Thursday 10 April 2008

Tapes 'n Tapes - Walk It Off

http://www.clickmusic.com/articles/7739/Tapes-n-Tapes---Walk-It-Off.html

2006's 'The Loon' was nothing less than a masterpiece. Its highlights - 'Just Drums', 'Manitoba' and 'Insistor' – were skewed, staggering, wailing. They made mincemeat of the cynics by combining hoedown, lowdown and comedown. It was a case of the hype being nothing more than a pre-amble to a hyperbolic stream of consciousness. So how the heck are they going to follow that up? The process begins by drafting in Dave Fridmann's oh-so-expansive production, middles in a scuzzier, fuzzier, messier sound, and ends disappointingly on the reflection that Tapes 'n Tapes have become less unique, and dull and dreary.

Opener 'Le Ruse' is a generic take on Wolf Parade/TV On The Radio reverie, an inward-looking all too studied exposition on betrayal. 'Time Of Songs' continues on the wrong note – it inconceivably manages loses everything that veered the four-piece towards the edge of aural breakdown. Sure enough, Josh Grier's vocals are still sporadic and conflict-ridden, and Jeremy Hanson's drums provide the plod that Tapes 'n Tapes' listeners have become used to.

Lead track 'Hang Them All' tries to revert to the band's previous offbeat, the disconcerting sound of instruments timbrally and rhythmically at odds with each other, but it feels less crisp and a tad stale amidst a sea of all too muddied production. 'Conquest' is more predictable than any of the band's previous output, and whilst it would've fitted nicely into a small gap on 'The Loon', crying out for balance, it serves only as a plodder here. 'The Dirty Dirty' tries for a garage sound that the band haven't previously attempted, but it's way too sludgy – though it's the first hint at the band actually possessing new ideas, so has to be praised a little bit if only for that. "Where did all the money go" the band repeatedly pose – they may not even face such a dilemma this time around.

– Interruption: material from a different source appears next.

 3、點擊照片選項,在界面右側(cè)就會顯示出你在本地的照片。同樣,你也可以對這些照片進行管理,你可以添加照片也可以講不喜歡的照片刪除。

'Headshock' plods along way too amiably and feels lacklustre until the admittedly one-dimensional chorus hits home – the problem is that there's no 'in between' - the sound is all or nothing. This is the problem that screams "woah, stop" when anything on 'Walk It Off' even threatens to sound slightly snappy – 'Say Back Something' is most faithful to the more played down moments the band were so prolific at, but it feels depleted and remains in first gear without possessing the tenderness or the minimalism enough to carry it through.

'Demon Apple' is the finest moment on the album, recreating the Pavement riffs of Tapes' finest moments. It hits the nail on that 'strange' tag that the rest of the album aspires to, and feels cleaner than the songs surrounding it. But coming in just over halfway through the album, it's a true test to the listener to get that far in. 'Blunt' is one of many anonymous yet beefier selections which with repeated plays may just bring out the subtleties, and 'George Michael' is so Modest Mouse it hurts. 'Anvil' is the worst moment yet, passing by without even so much as a whimper and setting in stone the frustration that is, dare we moniker, Tapes 'n Tapes' 'difficult second album'.

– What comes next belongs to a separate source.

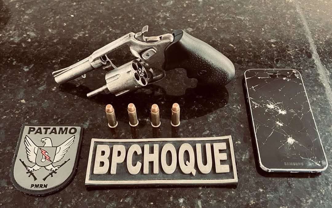 Na tarde deste domingo (08) durante patrulhamento pelo bairro das Rocas, zona leste de Natal, equipes do BPCHOQUE realizaram abordagem a um indivíduo em atitude suspeita, que ao perceber a presença das viaturas se evadiu para dentro de uma borracharia, ao realizar a busca pessoal foi encontrado um revólver calibre .38 com a numeração suprimida e 04 munições.

In short, 'Walk It Off' is unlikely to convert the unconverted and likelier to segregate the faithful. Although the amount of comparison to 'The Loon' may seem a bit unfair, it's simply a huge disappointment when the debut sits so comfortably on the pedestal it created for itself. It's angsty, anxious and consuming, but what it is lacking proves fatal – there's just no hunger.